§ Your objective: Print the lines in the listing below starting at the line with "A telescope was" and ending at the line with "LS1 conversions are", both included. Reproduce them exactly and omit every picture.

§ Data to process:
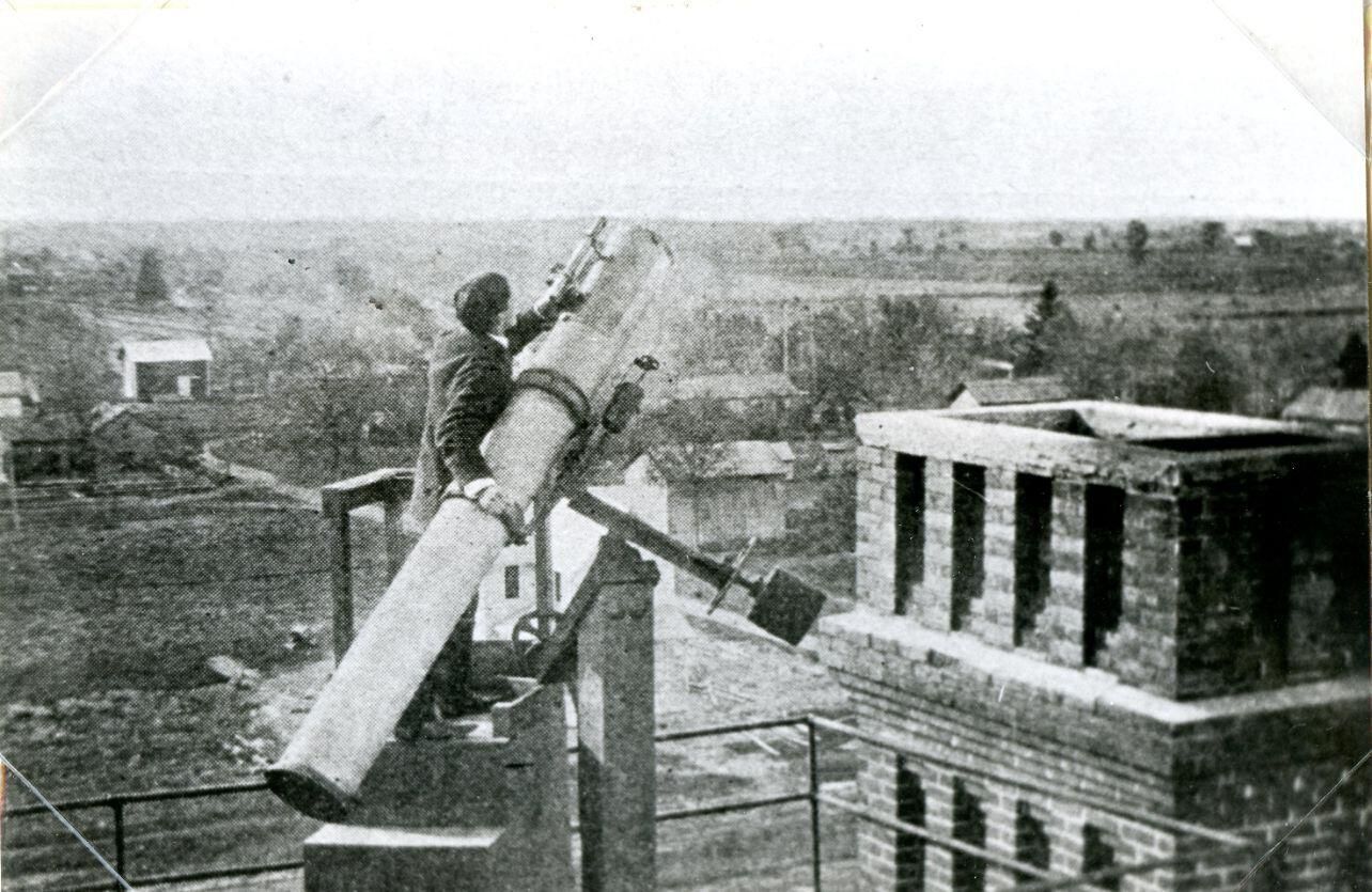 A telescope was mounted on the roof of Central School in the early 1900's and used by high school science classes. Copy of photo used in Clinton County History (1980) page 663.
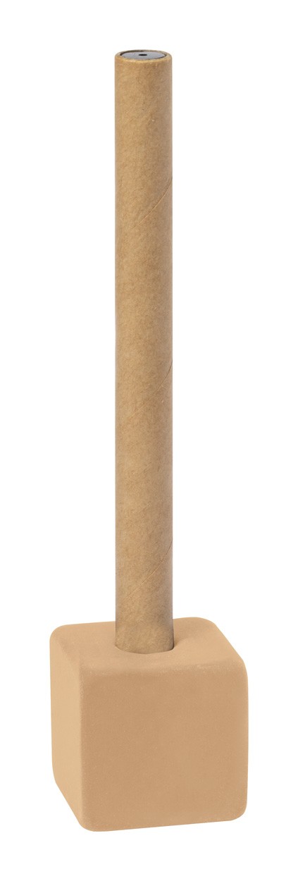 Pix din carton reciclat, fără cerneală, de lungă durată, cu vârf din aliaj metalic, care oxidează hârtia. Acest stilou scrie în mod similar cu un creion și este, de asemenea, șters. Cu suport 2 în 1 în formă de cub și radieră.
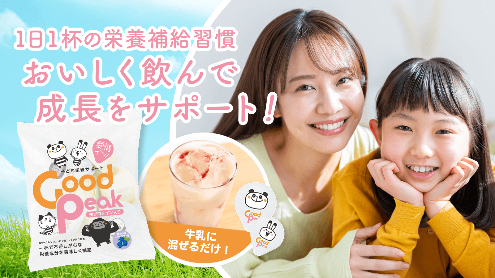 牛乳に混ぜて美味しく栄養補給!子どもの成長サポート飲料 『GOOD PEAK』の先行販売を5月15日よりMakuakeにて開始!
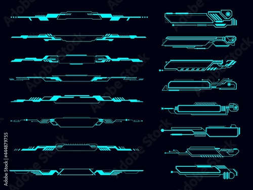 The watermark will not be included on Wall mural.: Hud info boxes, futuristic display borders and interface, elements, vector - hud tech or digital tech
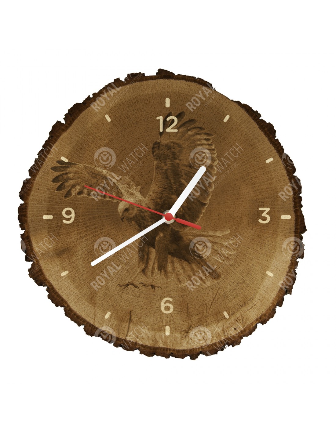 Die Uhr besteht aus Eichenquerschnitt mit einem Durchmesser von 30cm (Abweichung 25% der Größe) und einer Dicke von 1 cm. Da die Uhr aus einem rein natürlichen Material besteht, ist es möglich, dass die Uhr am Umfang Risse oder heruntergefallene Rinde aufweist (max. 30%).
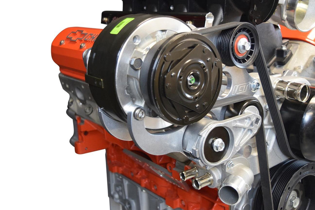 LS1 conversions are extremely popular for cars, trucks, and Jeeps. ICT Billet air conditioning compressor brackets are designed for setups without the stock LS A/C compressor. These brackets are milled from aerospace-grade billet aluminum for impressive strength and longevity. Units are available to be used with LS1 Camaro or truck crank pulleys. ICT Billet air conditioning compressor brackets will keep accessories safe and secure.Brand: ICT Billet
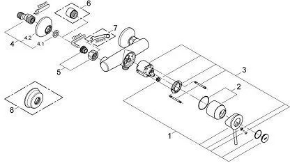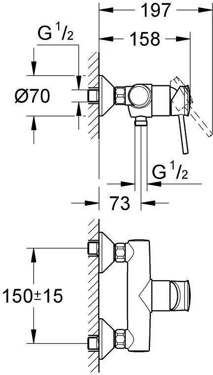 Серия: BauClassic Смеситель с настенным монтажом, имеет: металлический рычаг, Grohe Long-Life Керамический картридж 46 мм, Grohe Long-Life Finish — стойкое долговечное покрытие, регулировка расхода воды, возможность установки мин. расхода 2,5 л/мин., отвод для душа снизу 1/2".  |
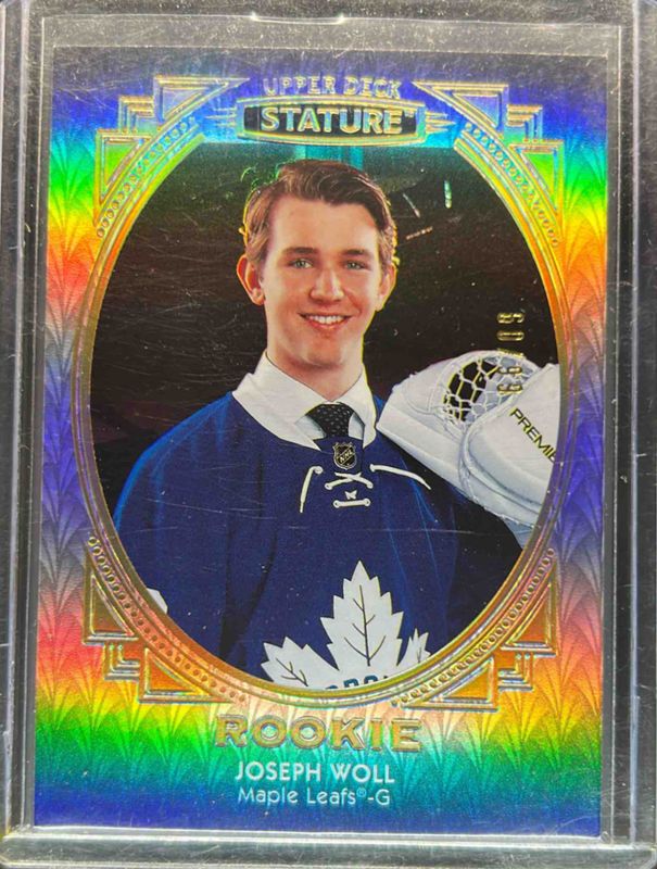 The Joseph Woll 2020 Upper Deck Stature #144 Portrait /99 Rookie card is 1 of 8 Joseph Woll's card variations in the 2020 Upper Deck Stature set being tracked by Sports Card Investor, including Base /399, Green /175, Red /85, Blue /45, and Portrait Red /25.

* * *

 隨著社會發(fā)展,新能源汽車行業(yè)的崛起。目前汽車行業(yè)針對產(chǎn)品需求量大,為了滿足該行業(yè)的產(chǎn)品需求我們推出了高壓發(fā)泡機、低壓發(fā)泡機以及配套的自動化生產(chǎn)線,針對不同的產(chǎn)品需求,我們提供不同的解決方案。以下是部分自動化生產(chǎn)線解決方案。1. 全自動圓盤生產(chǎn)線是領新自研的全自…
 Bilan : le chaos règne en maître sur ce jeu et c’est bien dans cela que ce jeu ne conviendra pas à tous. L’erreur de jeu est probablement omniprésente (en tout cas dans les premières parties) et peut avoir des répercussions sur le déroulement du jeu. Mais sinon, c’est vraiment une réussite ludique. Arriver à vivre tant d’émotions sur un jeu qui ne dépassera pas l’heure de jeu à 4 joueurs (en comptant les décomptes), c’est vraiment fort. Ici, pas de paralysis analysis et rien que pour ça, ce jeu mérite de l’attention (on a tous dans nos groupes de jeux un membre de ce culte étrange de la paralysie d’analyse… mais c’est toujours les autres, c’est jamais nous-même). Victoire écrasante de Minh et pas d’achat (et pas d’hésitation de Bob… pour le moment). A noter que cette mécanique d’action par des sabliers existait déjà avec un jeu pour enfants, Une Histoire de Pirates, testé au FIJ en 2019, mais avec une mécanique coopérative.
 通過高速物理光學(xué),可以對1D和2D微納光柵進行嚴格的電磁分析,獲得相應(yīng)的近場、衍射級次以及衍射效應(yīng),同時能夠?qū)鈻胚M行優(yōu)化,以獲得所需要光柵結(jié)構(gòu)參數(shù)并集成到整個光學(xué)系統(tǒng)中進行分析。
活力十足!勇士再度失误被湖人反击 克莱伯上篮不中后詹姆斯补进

§ Result below:
 A telescope was mounted on the roof of Central School in the early 1900's and used by high school science classes. Copy of photo used in Clinton County History (1980) page 663.
 Pix din carton reciclat, fără cerneală, de lungă durată, cu vârf din aliaj metalic, care oxidează hârtia. Acest stilou scrie în mod similar cu un creion și este, de asemenea, șters. Cu suport 2 în 1 în formă de cub și radieră.
 牛乳に混ぜて美味しく栄養補給!子どもの成長サポート飲料 『GOOD PEAK』の先行販売を5月15日よりMakuakeにて開始!
 The watermark will not be included on Wall mural.: Hud info boxes, futuristic display borders and interface, elements, vector - hud tech or digital tech
 Die Uhr besteht aus Eichenquerschnitt mit einem Durchmesser von 30cm (Abweichung 25% der Größe) und einer Dicke von 1 cm. Da die Uhr aus einem rein natürlichen Material besteht, ist es möglich, dass die Uhr am Umfang Risse oder heruntergefallene Rinde aufweist (max. 30%).
 LS1 conversions are extremely popular for cars, trucks, and Jeeps. ICT Billet air conditioning compressor brackets are designed for setups without the stock LS A/C compressor. These brackets are milled from aerospace-grade billet aluminum for impressive strength and longevity. Units are available to be used with LS1 Camaro or truck crank pulleys. ICT Billet air conditioning compressor brackets will keep accessories safe and secure.Brand: ICT Billet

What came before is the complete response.